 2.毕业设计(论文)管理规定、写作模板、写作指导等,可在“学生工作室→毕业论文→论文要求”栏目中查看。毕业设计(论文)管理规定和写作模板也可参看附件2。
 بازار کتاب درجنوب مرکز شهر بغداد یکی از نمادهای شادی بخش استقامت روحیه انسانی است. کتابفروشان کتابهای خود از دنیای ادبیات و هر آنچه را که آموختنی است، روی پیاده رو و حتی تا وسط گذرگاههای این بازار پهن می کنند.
——
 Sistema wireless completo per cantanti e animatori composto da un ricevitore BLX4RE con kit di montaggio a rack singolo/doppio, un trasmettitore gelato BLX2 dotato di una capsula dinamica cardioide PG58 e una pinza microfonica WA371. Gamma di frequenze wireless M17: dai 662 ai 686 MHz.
——
Exercise instructions: Once you reach the line with "2.毕业设计(论文)管理规定" in the data above, copy it and every line after it exactly, up to and including the line with "بازار کتاب درجنوب".

Solved problem:
 2.毕业设计(论文)管理规定、写作模板、写作指导等,可在“学生工作室→毕业论文→论文要求”栏目中查看。毕业设计(论文)管理规定和写作模板也可参看附件2。
 بازار کتاب درجنوب مرکز شهر بغداد یکی از نمادهای شادی بخش استقامت روحیه انسانی است. کتابفروشان کتابهای خود از دنیای ادبیات و هر آنچه را که آموختنی است، روی پیاده رو و حتی تا وسط گذرگاههای این بازار پهن می کنند.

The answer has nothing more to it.